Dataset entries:

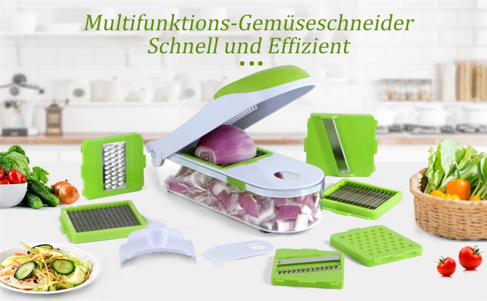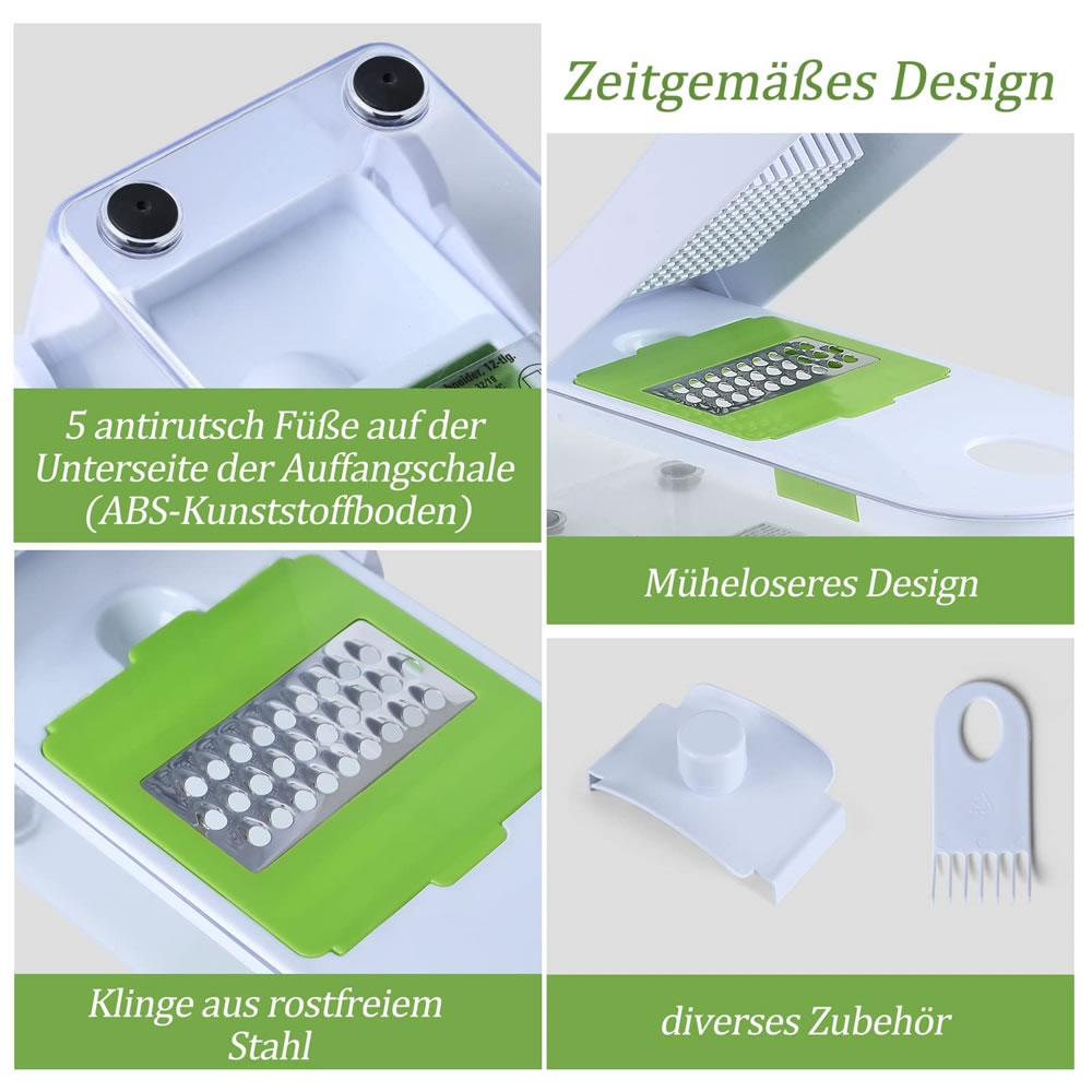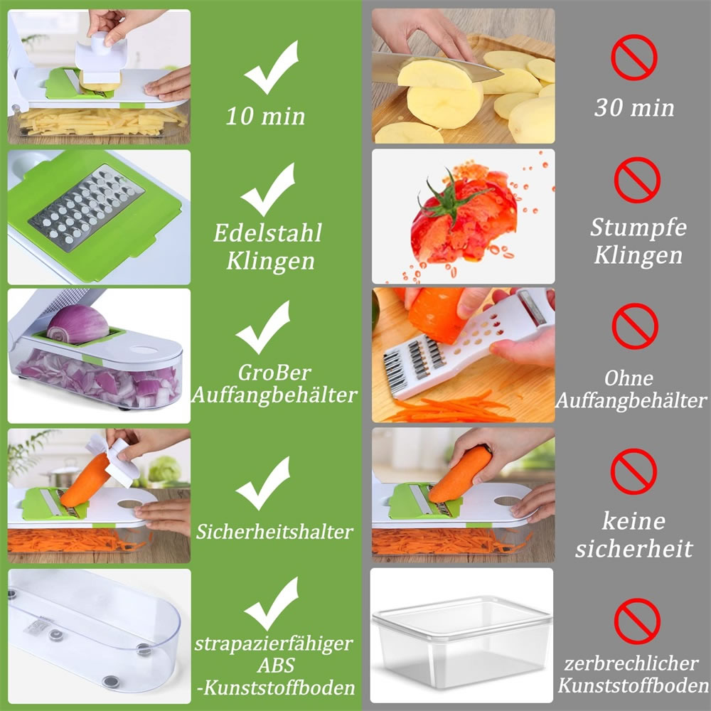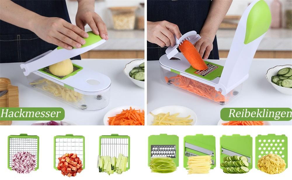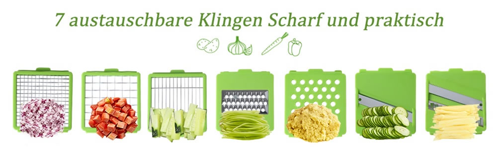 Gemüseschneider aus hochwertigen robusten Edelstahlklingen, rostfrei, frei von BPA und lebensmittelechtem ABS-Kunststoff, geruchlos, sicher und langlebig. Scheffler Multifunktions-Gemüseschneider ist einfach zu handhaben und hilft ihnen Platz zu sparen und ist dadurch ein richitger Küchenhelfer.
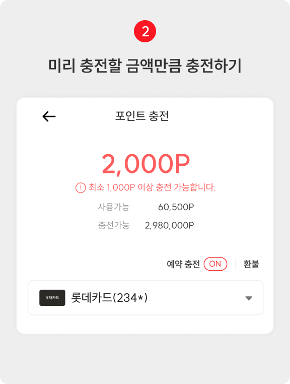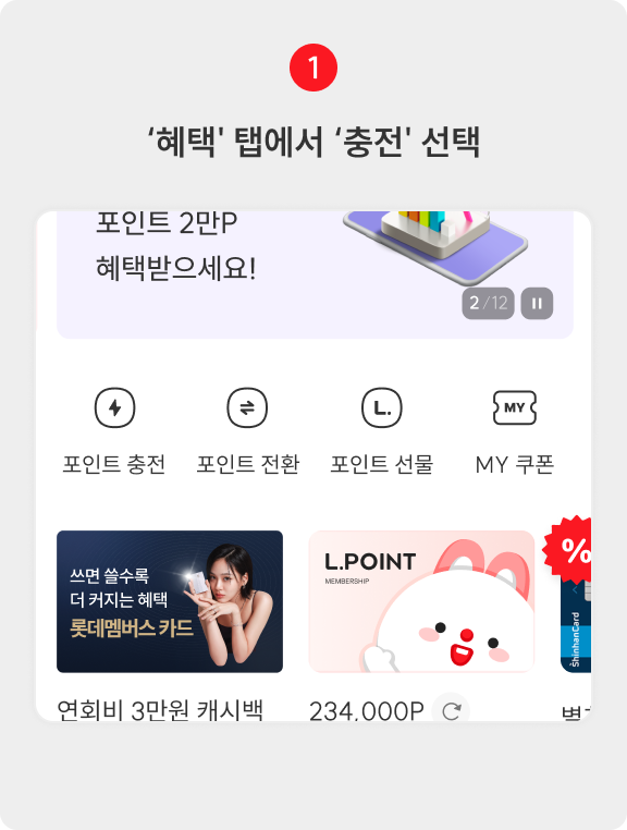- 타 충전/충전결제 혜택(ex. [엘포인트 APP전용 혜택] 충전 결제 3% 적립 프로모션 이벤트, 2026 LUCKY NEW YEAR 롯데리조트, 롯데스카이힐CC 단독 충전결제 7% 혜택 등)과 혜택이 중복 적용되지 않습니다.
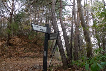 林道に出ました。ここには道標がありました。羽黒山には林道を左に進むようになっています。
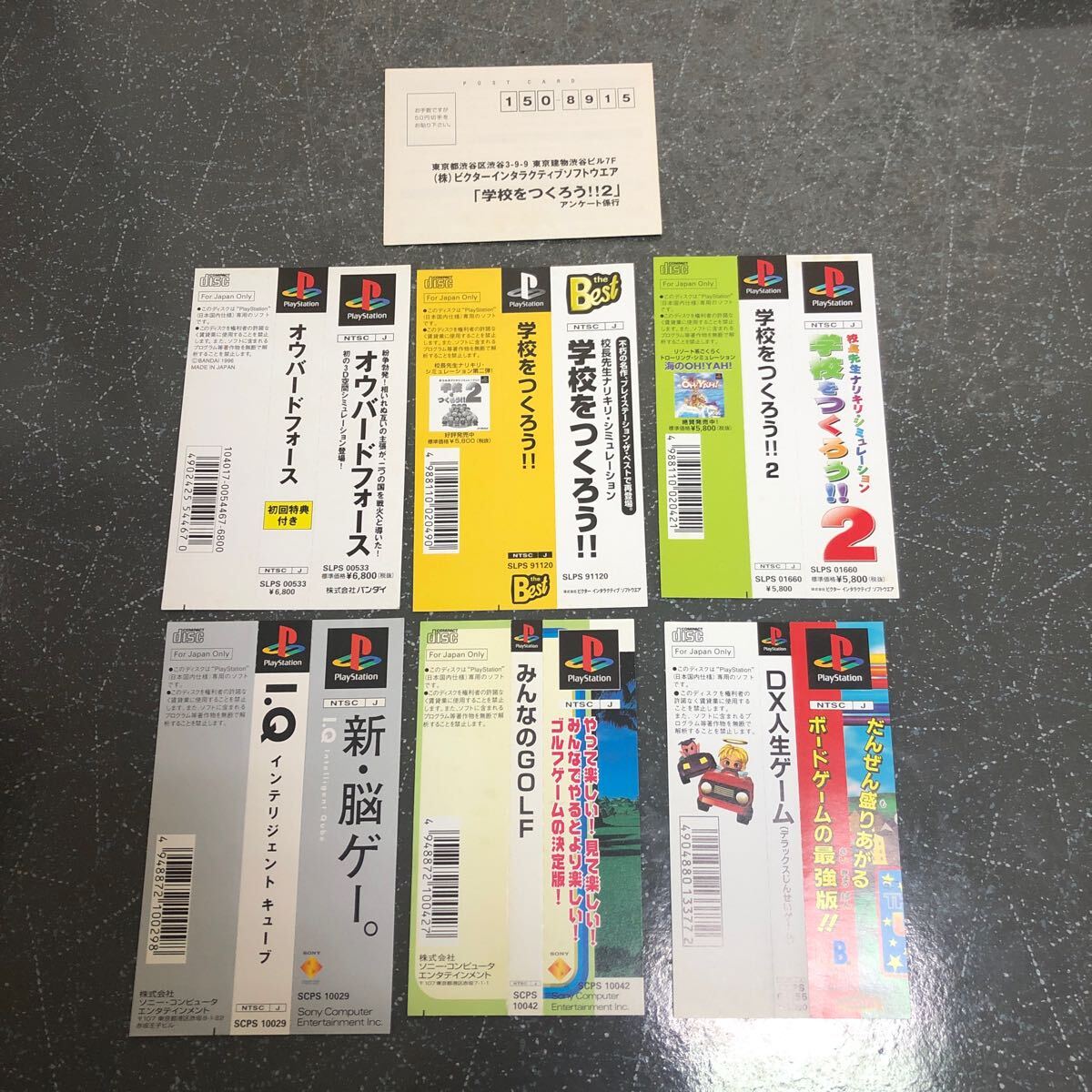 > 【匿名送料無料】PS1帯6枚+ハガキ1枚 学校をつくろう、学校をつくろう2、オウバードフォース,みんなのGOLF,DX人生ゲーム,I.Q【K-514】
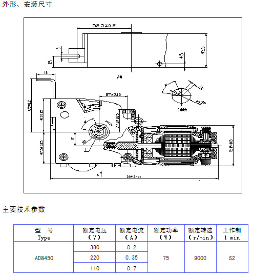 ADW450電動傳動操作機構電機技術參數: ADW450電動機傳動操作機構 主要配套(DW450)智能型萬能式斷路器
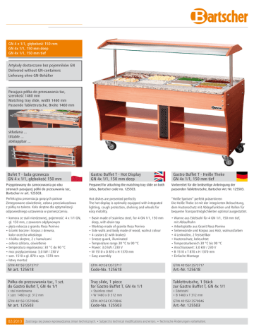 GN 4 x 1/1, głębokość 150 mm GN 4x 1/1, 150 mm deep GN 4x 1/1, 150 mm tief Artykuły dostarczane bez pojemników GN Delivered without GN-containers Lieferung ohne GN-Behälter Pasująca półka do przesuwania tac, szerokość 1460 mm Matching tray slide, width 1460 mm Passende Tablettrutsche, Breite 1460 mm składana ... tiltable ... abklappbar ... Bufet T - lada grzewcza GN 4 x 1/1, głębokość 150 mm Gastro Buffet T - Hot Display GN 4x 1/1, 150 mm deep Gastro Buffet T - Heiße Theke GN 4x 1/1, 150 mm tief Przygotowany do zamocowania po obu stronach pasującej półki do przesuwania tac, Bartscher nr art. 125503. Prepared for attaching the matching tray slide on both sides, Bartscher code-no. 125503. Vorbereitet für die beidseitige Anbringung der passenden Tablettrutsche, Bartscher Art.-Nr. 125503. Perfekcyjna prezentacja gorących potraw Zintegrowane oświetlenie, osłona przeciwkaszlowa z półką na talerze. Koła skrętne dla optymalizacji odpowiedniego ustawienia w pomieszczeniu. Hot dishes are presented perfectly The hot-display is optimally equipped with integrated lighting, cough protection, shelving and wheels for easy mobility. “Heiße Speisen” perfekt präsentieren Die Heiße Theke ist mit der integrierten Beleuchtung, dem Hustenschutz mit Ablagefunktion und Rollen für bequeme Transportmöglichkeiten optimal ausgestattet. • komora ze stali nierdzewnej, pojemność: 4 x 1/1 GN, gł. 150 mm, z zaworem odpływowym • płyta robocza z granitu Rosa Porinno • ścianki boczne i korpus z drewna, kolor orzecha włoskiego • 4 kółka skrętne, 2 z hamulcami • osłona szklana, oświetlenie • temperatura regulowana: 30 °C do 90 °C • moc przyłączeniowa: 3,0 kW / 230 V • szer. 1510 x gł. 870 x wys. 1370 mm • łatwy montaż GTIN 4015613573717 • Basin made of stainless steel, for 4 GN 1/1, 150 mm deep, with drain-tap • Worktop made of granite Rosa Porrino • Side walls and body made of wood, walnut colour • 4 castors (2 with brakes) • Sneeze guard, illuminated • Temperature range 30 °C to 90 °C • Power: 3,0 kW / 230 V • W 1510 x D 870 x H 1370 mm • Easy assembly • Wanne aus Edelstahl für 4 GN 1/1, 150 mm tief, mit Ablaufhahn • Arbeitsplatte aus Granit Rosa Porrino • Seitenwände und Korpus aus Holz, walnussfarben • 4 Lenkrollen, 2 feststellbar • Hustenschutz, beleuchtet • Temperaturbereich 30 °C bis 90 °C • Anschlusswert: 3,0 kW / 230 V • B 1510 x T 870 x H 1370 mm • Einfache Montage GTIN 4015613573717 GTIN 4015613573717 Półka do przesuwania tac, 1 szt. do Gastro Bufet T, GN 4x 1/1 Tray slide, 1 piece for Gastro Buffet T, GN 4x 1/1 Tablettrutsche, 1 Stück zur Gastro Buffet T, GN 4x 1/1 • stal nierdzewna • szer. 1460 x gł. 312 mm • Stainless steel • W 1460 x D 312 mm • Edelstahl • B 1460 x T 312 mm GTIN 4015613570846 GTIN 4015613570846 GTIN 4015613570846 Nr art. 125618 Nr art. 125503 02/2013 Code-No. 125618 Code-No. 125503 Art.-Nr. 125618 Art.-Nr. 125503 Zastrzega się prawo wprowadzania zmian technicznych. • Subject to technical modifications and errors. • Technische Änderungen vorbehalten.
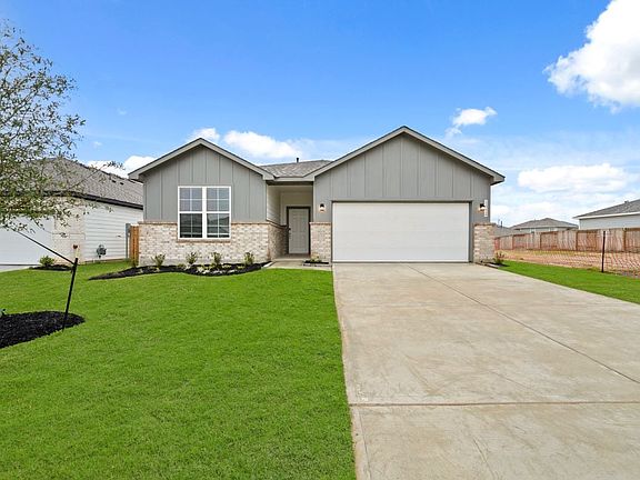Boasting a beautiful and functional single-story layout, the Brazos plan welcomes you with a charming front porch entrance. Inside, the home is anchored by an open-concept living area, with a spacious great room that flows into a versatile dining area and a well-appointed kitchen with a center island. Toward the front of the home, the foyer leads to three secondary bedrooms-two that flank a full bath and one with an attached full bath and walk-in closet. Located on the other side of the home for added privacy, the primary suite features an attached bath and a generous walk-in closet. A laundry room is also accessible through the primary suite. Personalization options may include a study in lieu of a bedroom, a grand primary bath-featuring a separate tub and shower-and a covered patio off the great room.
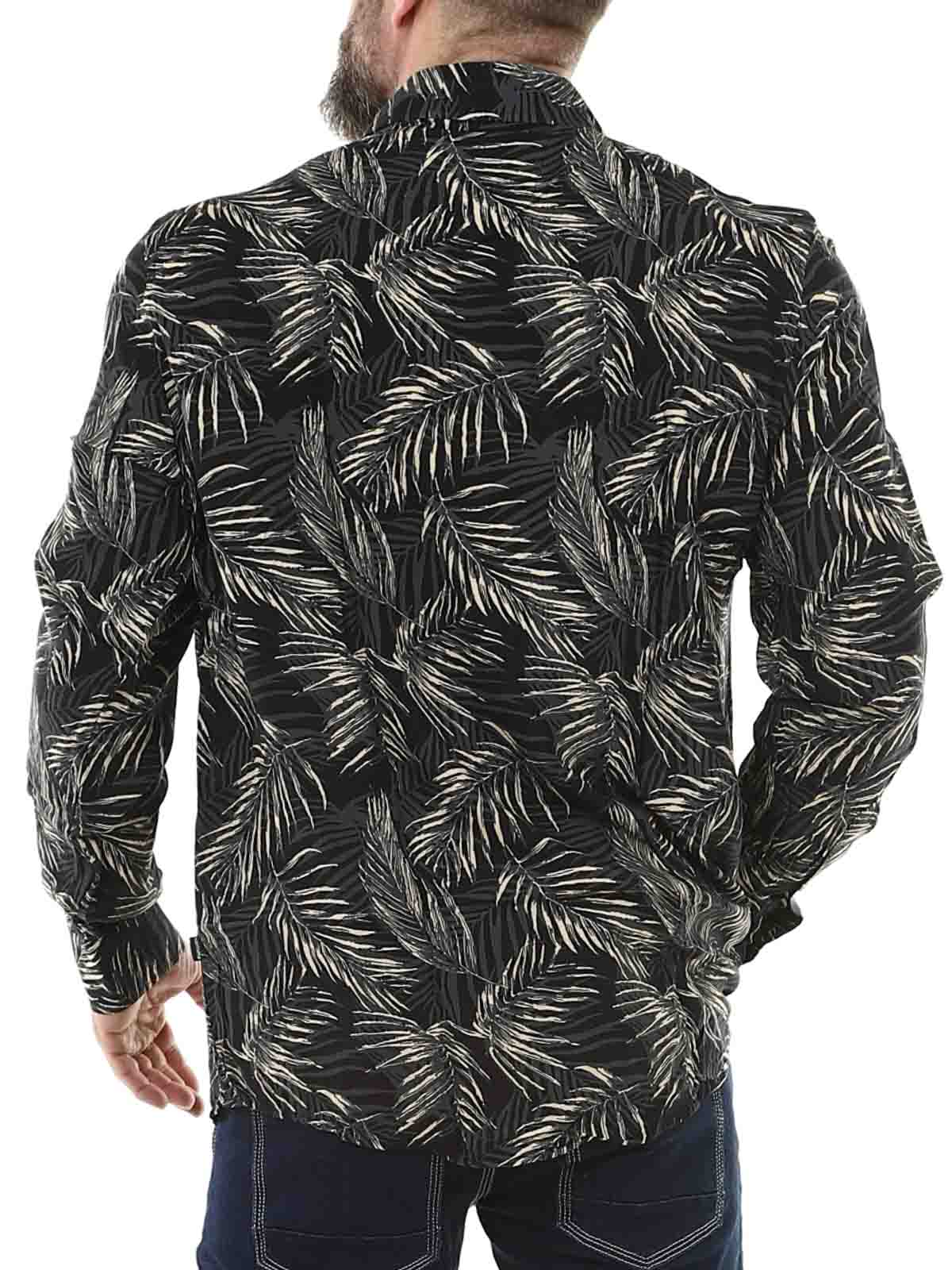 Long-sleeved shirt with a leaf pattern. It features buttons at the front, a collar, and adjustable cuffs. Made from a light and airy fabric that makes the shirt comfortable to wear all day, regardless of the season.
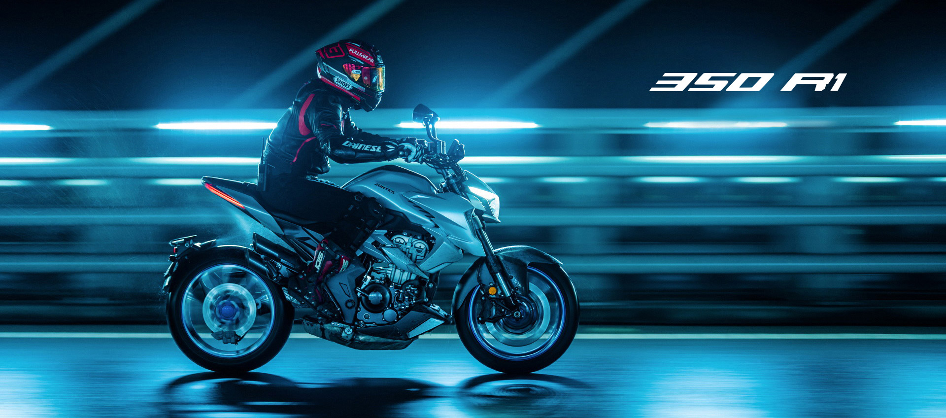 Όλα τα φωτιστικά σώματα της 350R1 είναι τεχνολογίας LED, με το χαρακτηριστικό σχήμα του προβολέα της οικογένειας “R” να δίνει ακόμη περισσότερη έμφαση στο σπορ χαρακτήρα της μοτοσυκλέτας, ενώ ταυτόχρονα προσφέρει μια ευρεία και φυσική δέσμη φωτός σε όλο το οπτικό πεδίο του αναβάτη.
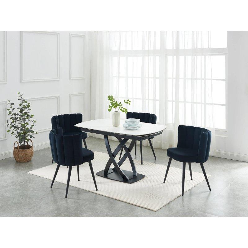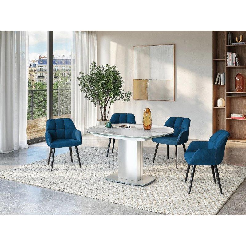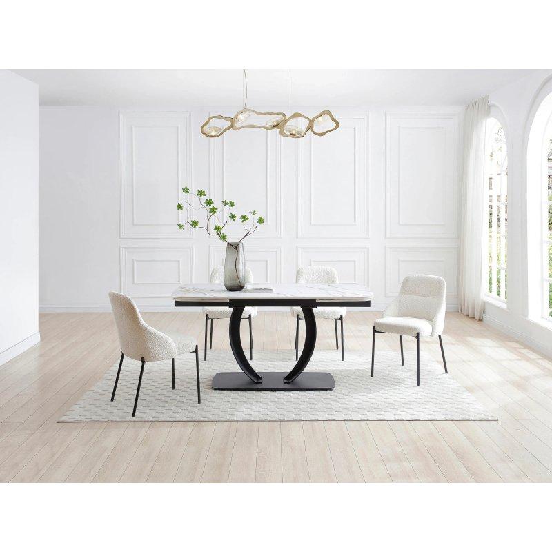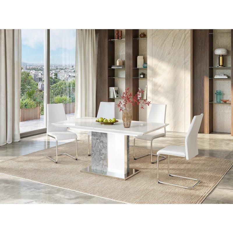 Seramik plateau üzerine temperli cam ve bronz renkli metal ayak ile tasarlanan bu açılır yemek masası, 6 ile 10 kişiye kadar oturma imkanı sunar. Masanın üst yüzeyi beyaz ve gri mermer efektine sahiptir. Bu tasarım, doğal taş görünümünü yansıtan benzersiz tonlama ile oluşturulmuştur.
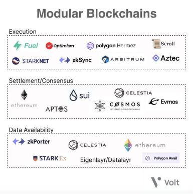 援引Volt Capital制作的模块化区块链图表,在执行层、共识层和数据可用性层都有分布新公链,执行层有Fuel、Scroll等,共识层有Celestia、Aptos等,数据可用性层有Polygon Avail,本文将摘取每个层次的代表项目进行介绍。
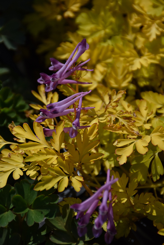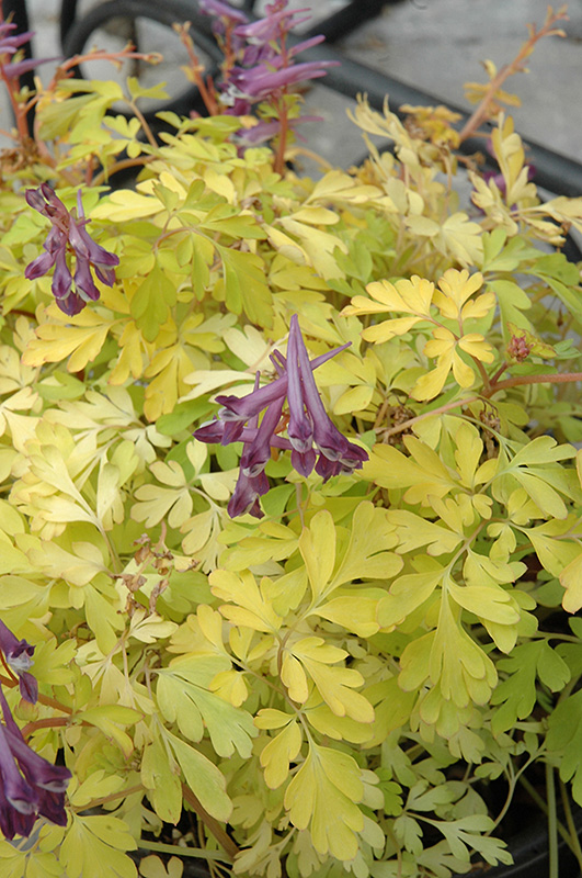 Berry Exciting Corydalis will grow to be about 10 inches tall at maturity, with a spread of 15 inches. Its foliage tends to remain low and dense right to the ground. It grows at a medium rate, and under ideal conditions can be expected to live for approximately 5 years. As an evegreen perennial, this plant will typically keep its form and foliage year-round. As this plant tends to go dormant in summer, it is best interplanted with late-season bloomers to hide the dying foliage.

_WORK INSTRUCTIONS_:
Transcribe, from the records above, the first line and every line after it up to and including the line with "ADW450電動傳動操作機構電機技術參數: ADW450電動機傳動操作機構 主要配套(DW450)智能型萬能式斷路器"; omit pictures.

_TASK OUTPUT_:
 Gemüseschneider aus hochwertigen robusten Edelstahlklingen, rostfrei, frei von BPA und lebensmittelechtem ABS-Kunststoff, geruchlos, sicher und langlebig. Scheffler Multifunktions-Gemüseschneider ist einfach zu handhaben und hilft ihnen Platz zu sparen und ist dadurch ein richitger Küchenhelfer.
- 타 충전/충전결제 혜택(ex. [엘포인트 APP전용 혜택] 충전 결제 3% 적립 프로모션 이벤트, 2026 LUCKY NEW YEAR 롯데리조트, 롯데스카이힐CC 단독 충전결제 7% 혜택 등)과 혜택이 중복 적용되지 않습니다.
 林道に出ました。ここには道標がありました。羽黒山には林道を左に進むようになっています。
 > 【匿名送料無料】PS1帯6枚+ハガキ1枚 学校をつくろう、学校をつくろう2、オウバードフォース,みんなのGOLF,DX人生ゲーム,I.Q【K-514】
 ADW450電動傳動操作機構電機技術參數: ADW450電動機傳動操作機構 主要配套(DW450)智能型萬能式斷路器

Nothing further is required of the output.